The following are specific research projects that we have worked on, with most recent projects first. Project details
and related publications can be found under each project link.
We develop a network security monitoring system for Zigbee networks that interacts with a set of wireless intrusion detection system sensors, a database server, and a notification server to provide archiving, aggregation, inspection, visualization, and alert services.
We study the security of Zigbee networks by developing software tools for the analysis of captured Zigbee packets and modifying the firmware of an IEEE 802.15.4 USB adapter to launch selective jamming and spoofing attacks against them that we analyze with a software-defined radio.
We develop the eMews framework to provide realistic, large-scale network trace data generation within a single physical host. Our approach also replaces human-in-the-loop protocols with abstracted behavioral models.
We investigate the feasibility of combining signals from non-acoustic sensors embedded in a network of IoT devices to reconstruct intelligible speech signals, enabling an attacker to eavesdrop on conversations in the sensed area without needing access to a microphone.
We explore a new IoT security model that leverages edge computing resources to logically isolate and protect constrained devices and resources from the public Internet, effectively mediating trust relationships between the cloud and IoT devices.
We show how the concepts of proximal domains and fog mediation enable stronger privacy and data ownership protections without sacrificing application quality based on machine learning and other data-driven services.
We study how the cyber-physical implications of sensing and actuation affect a variety of security and privacy applications in sensing and IoT systems, including the many constraints and challenges inherent in embedded systems.
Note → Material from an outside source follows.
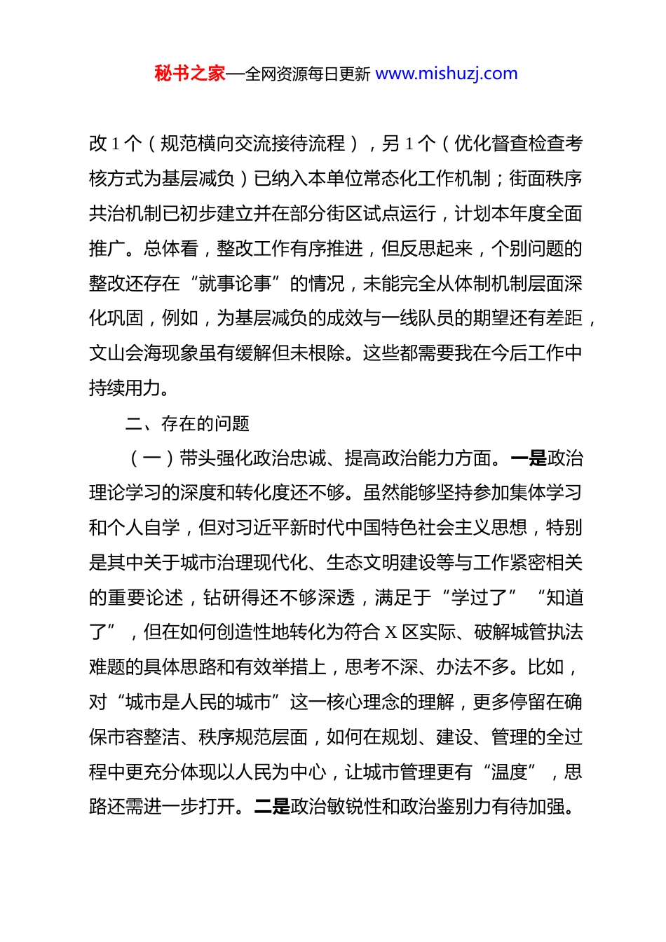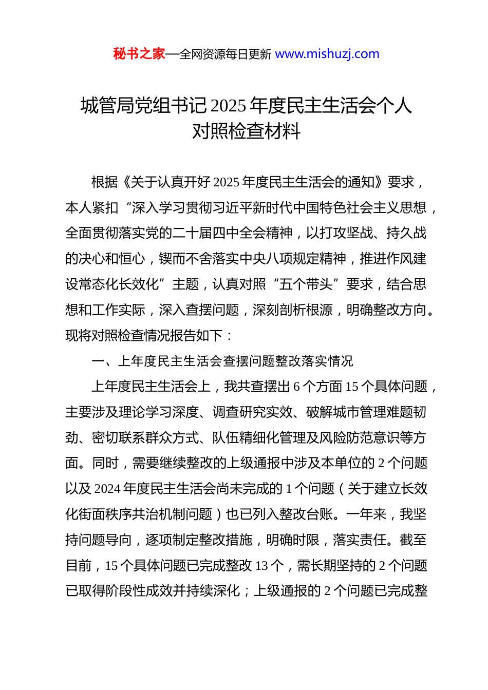 秘书之家—全网资源每日更新 www.mishuzj.com城管局党组书记 2025 年度民主生活会个人对照检查材料 根据《关于认真开好 2025 年度民主生活会的通知》要求,本人紧扣“深入学习贯彻习近平新时代中国特色社会主义思想,全面贯彻落实党的二十届四中全会精神,以打攻坚战、持久战的决心和恒心,锲而不舍落实中央八项规定精神,推进作风建设常态化长效化”主题,认真对照“五个带头”要求,结合思想和工作实际,深入查摆问题,深刻剖析根源,明确整改方向。现将对照检查情况报告如下:一、上年度民主生活会查摆问题整改落实情况上年度民主生活会上,我共查摆出 6 个方面 15 个具体问题,主要涉及理论学习深度、调查研究实效、破解城市管理难题韧劲、密切联系群众方式、队伍精细化管理及风险防范意识等方面。同时,需要继续整改的上级通报中涉及本单位的 2 个问题以及 2024 年度民主生活会尚未完成的 1 个问题(关于建立长效化街面秩序共治机制问题)也已列入整改台账。一年来,我坚持问题导向,逐项制定整改措施,明确时限,落实责任。截至目前,15 个具体问题已完成整改 13 个,需长期坚持的 2 个问题已取得阶段性成效并持续深化;上级通报的 2 个问题已完成整秘书之家—全网资源每日更新 www.mishuzj.com改 1 个(规范横向交流接待流程),另 1 个(优化督查检查考核方式为基层减负)已纳入本单位常态化工作机制;街面秩序共治机制已初步建立并在部分街区试点运行,计划本年度全面推广。总体看,整改工作有序推进,但反思起来,个别问题的整改还存在“就事论事”的情况,未能完全从体制机制层面深化巩固,例如,为基层减负的成效与一线队员的期望还有差距,文山会海现象虽有缓解但未根除。这些都需要我在今后工作中持续用力。二、存在的问题(一)带头强化政治忠诚、提高政治能力方面。一是政治理论学习的深度和转化度还不够。虽然能够坚持参加集体学习和个人自学,但对习近平新时代中国特色社会主义思想,特别是其中关于城市治理现代化、生态文明建设等与工作紧密相关的重要论述,钻研得还不够深透,满足于“学过了”“知道了”,但在如何创造性地转化为符合 X 区实际、破解城管执法难题的具体思路和有效举措上,思考不深、办法不多。比如,对“城市是人民的城市”这一核心理念的理解,更多停留在确保市容整洁、秩序规范层面,如何在规划、建设、管理的全过程中更充分体现以人民为中心,让城市管理更有“温度”,思路还需进一步打开。二是政治敏锐性和政治鉴别力有待加强。秘书之家—全网资源每日更新 www.mishuzj.com对社会上一些错误思潮、网络谣言虽然能做到不信不传,但缺乏主动亮剑、坚决斗争的自觉性和锐气。在复杂敏感的执法场景中,有时过于考虑执法流程的规范性,对事件背后可能存在的政治风险考量不足,从政治高度观察、分析和处理复杂城市管理问题的能力还需提升。比如,在处理涉及民族、宗教等特殊群体的占道经营问题时,有时过于谨慎,担心引发负面舆情,未能很好地将严格执法与维护民族团结、社会稳定有机结合。三是贯彻执行上级决策部署的创造性有待增强。对中央、省委、市委和区委的决策部署能够做到不折不扣执行,但在结合 X 区地域特点、发展阶段和群众需求进行“本土化”落实上,有时存在“上下一般粗”现象。比如,在落实上级关于优化营商环境、支持“地摊经济”发展要求时,前期对如何划定区域、如何规范管理、如何平衡市容与繁荣关系等研究不够透彻,导致一度出现“一管就死、一放就乱”的被动局面,反映出在把握政策“时度效”上还需下更大功夫。(二)带头固本培元、增强党性方面。一是党性锻炼的主动性自觉性有所减弱。随着职务提升和工作繁忙,有时不自觉地放松了对主观世界的持续改造,以事务工作代替党性锤炼。参加组织生活有时存在“例行公事”想法,批评和自我批评的“辣味”不足,担心批评尖锐了影响班子团结,对自身存在的秘书之家—全网资源每日更新 www.mishuzj.com问题也是遮遮掩掩,未能真正做到“刀刃向内”。比如,在支部组织生活会上,自我批评多是“学习不够”“调研不深”等老生常谈的问题,对内心深处...

We investigate cheating vulnerabilities in mobile game and investigate the use of anti-cheating mechanisms, including protecting memory, local files, network traffic, source code, and game state integrity.
We study the OAuth protocol specification and perform a field-study of hundreds of mobile applications to identify authentication and authorization vulnerabilities in real mobile applications.
We model multi-player adaptation to understand stability and convergence properties when both attacking and defending players are adapting in response to their respective observations.
We investigate a number of aspects of mobile security and privacy that do not align with existing definitions for telecommunications, computing, or sensing and instead focus on the unique system-of-systems nature of modern smartphones.
We demonstrate a variety of ways that service providers have overlooked security threats in their system designs and developd practical defense mechanisms as well as deeper redesign of telecommunications infrastructure.
We study the ability for distributed networks to self-organize, -heal, and -reconfigure to manage and heal themselves in a variety of scenarios involving critical wireless and cyber-physical infrastructure.
We develop a variety of extended models for intentional interference and jamming using modern software-defined radio capabilities, including the ability to leverage higher-level protocol details and context information.
We show how the resilience of mesh networks in terms of path redundancy and diversity can be leveraged for protection against network failure or denial-of-service attack.
We demonstrate several ways that anti-jamming techniques can leverage cross-layer information and software-defined signal processing communication, and networking capabilities to detect or mitigate jamming attacks.